Task brief: Please set out each line below exactly as it stands, without the images.

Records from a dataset
◇ ◇ ◇

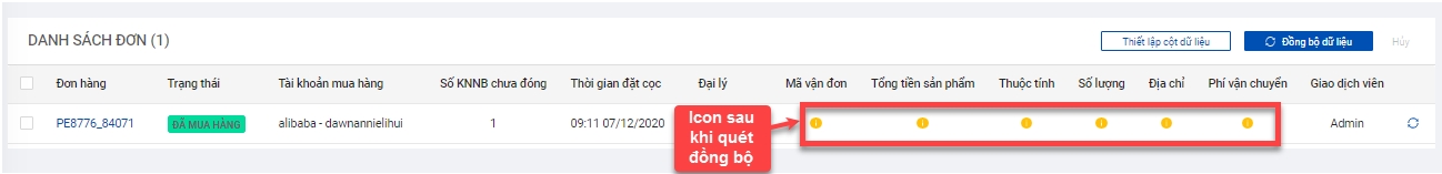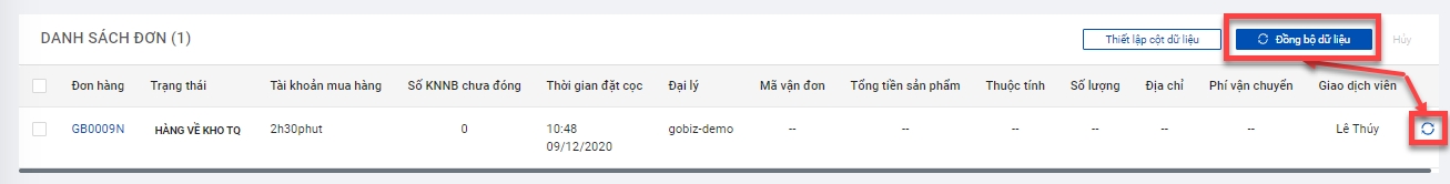 Bước 2: Click chọn đơn hàng và click icon đồng bộ để đồng bộ tất cả các đơn, hoặc click icon đồng bộ trên từng đơn
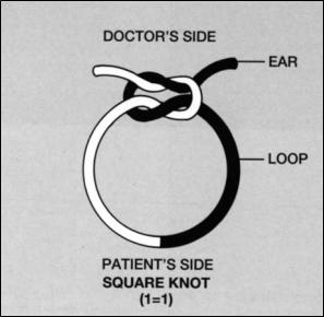 A tied suture has three components (Figure 1). First, the loop created by the knot maintains the approximation of the divided wound edges. Second, the knot is composed of a number of throws snugged against each other. A throw is a wrapping or weaving of two strands. Finally, the “ears” act as insurance that the loop will not become untied because of knot slippage. The doctor’s side of the knot is defined as the side of the knot with “ears,” or the side to which tension is applied during tying. The patient’s side is the portion of the knot adjacent to the loop.
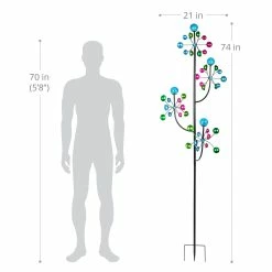 Beautiful four tiered spinning garden art adds a burst of color and life to your garden. Each branch is designed with hand painted metal cups that catch the wind and spin with delight! This spinning stake is a delight for the senses, a true work of art you will enjoy for years to come!
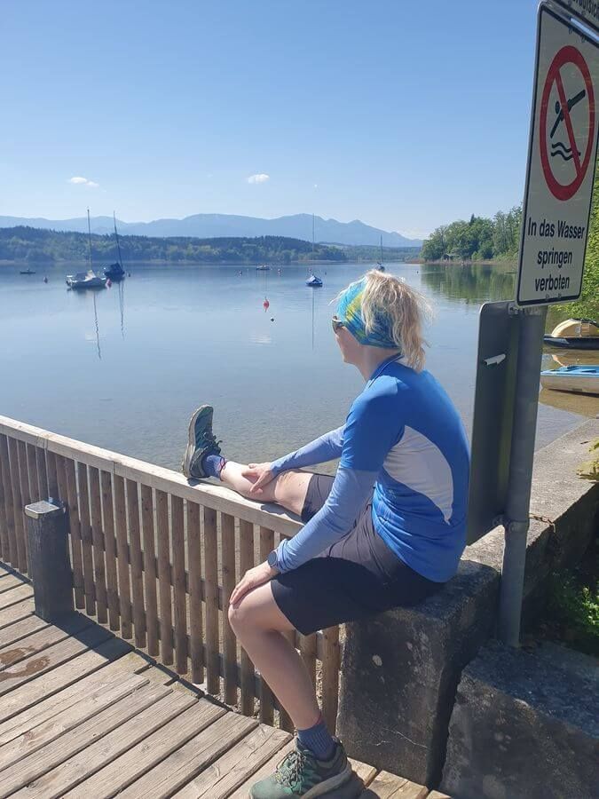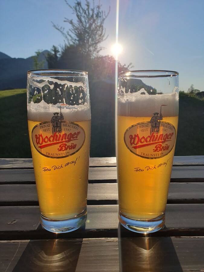 Brigitte und ich brachten unsere Mäuse zunächst zu Opi und Omi und fuhren anschließend weiter nach Grassau. Dort bezogen wir unsere gemütliche Wohnung, packten aus und schlüpften gleich in die Laufklamotten. Auf der Bahn am Fußballplatz drehten wir ein paar entspannte Runden – bei traumhaftem Wetter. Nach der wohlverdienten Dusche radelten wir weiter zum Reifinger See, wo wir in der Seewirtschaft eine Kleinigkeit aßen und ein kühles Bierchen in der Sonne genossen.
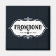 Trombone en texte décoratif contre un emblème blanc ou noir est un design cadeau unique pour les musiciens en laiton bas, les professeurs de musique et les étudiants en concert et groupe de marche.
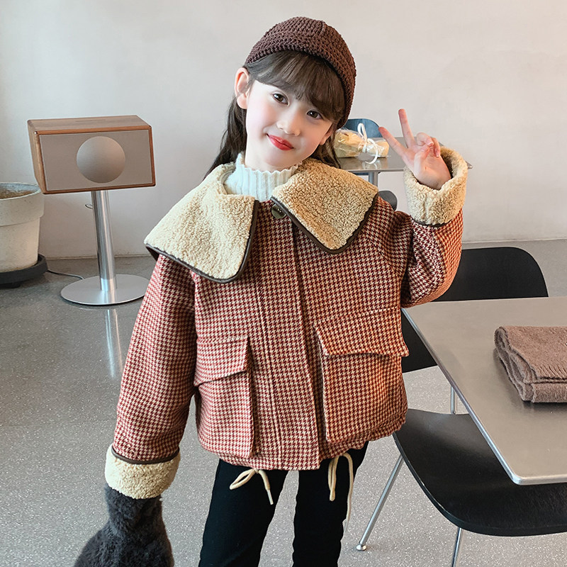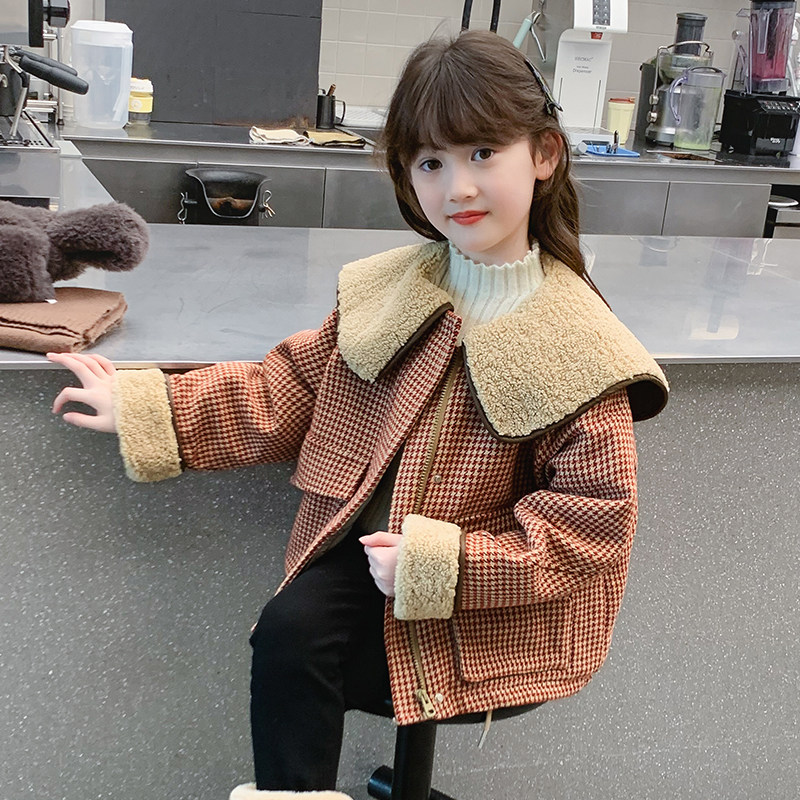 女童外套秋冬款2026新款儿童加厚一体绒毛呢大衣冬装女孩夹棉风衣
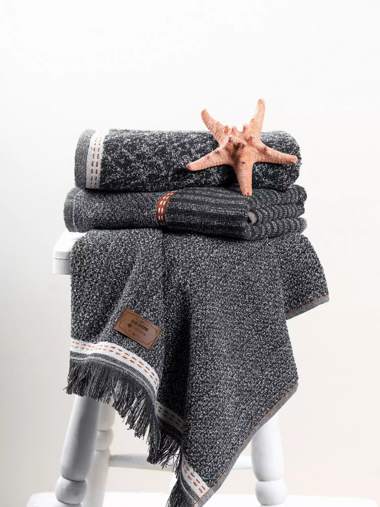 Antracitfärgen på vårt handduksset ger en sofistikerad touch till alla badrum. Den eleganta och moderna designen kompletterar alla inredningsstilar och skapar en harmonisk och inbjudande atmosfär. Förvandla ditt badrum till en fristad för avkoppling och stil med vårt eleganta handduksset.
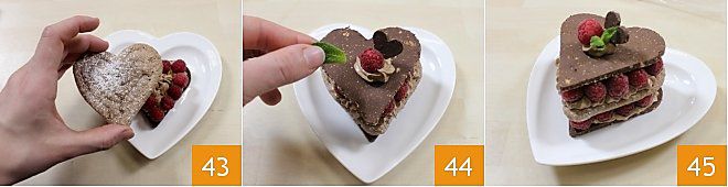 Fahren Sie mit dem Dacquoise-Herz fort 43, füllen Sie auch dieses mit Cremetupfen und dekorieren Sie auch diese Schicht mit Himbeeren. Beenden Sie mit einem Praliné-Herz und dekorieren Sie mit einem Cremetupfen in der Mitte, einer Himbeere, einem kleinen Praliné-Herzchen und einem frischen Minzblatt 44. Verfahren Sie auf diese Weise, um 3 weitere Desserts zu erstellen, und hier sind Ihre Schokoladen- und Himbeerherzchen fertig 45! Sind sie nicht wunderschön? Bewahren Sie sie bis zu einer halben Stunde vor dem Servieren im Kühlschrank auf!

◇ ◇ ◇

Task output:
 Bước 2: Click chọn đơn hàng và click icon đồng bộ để đồng bộ tất cả các đơn, hoặc click icon đồng bộ trên từng đơn
 A tied suture has three components (Figure 1). First, the loop created by the knot maintains the approximation of the divided wound edges. Second, the knot is composed of a number of throws snugged against each other. A throw is a wrapping or weaving of two strands. Finally, the “ears” act as insurance that the loop will not become untied because of knot slippage. The doctor’s side of the knot is defined as the side of the knot with “ears,” or the side to which tension is applied during tying. The patient’s side is the portion of the knot adjacent to the loop.
 Beautiful four tiered spinning garden art adds a burst of color and life to your garden. Each branch is designed with hand painted metal cups that catch the wind and spin with delight! This spinning stake is a delight for the senses, a true work of art you will enjoy for years to come!
 Brigitte und ich brachten unsere Mäuse zunächst zu Opi und Omi und fuhren anschließend weiter nach Grassau. Dort bezogen wir unsere gemütliche Wohnung, packten aus und schlüpften gleich in die Laufklamotten. Auf der Bahn am Fußballplatz drehten wir ein paar entspannte Runden – bei traumhaftem Wetter. Nach der wohlverdienten Dusche radelten wir weiter zum Reifinger See, wo wir in der Seewirtschaft eine Kleinigkeit aßen und ein kühles Bierchen in der Sonne genossen.
 Trombone en texte décoratif contre un emblème blanc ou noir est un design cadeau unique pour les musiciens en laiton bas, les professeurs de musique et les étudiants en concert et groupe de marche.
 女童外套秋冬款2026新款儿童加厚一体绒毛呢大衣冬装女孩夹棉风衣
 Antracitfärgen på vårt handduksset ger en sofistikerad touch till alla badrum. Den eleganta och moderna designen kompletterar alla inredningsstilar och skapar en harmonisk och inbjudande atmosfär. Förvandla ditt badrum till en fristad för avkoppling och stil med vårt eleganta handduksset.
 Fahren Sie mit dem Dacquoise-Herz fort 43, füllen Sie auch dieses mit Cremetupfen und dekorieren Sie auch diese Schicht mit Himbeeren. Beenden Sie mit einem Praliné-Herz und dekorieren Sie mit einem Cremetupfen in der Mitte, einer Himbeere, einem kleinen Praliné-Herzchen und einem frischen Minzblatt 44. Verfahren Sie auf diese Weise, um 3 weitere Desserts zu erstellen, und hier sind Ihre Schokoladen- und Himbeerherzchen fertig 45! Sind sie nicht wunderschön? Bewahren Sie sie bis zu einer halben Stunde vor dem Servieren im Kühlschrank auf!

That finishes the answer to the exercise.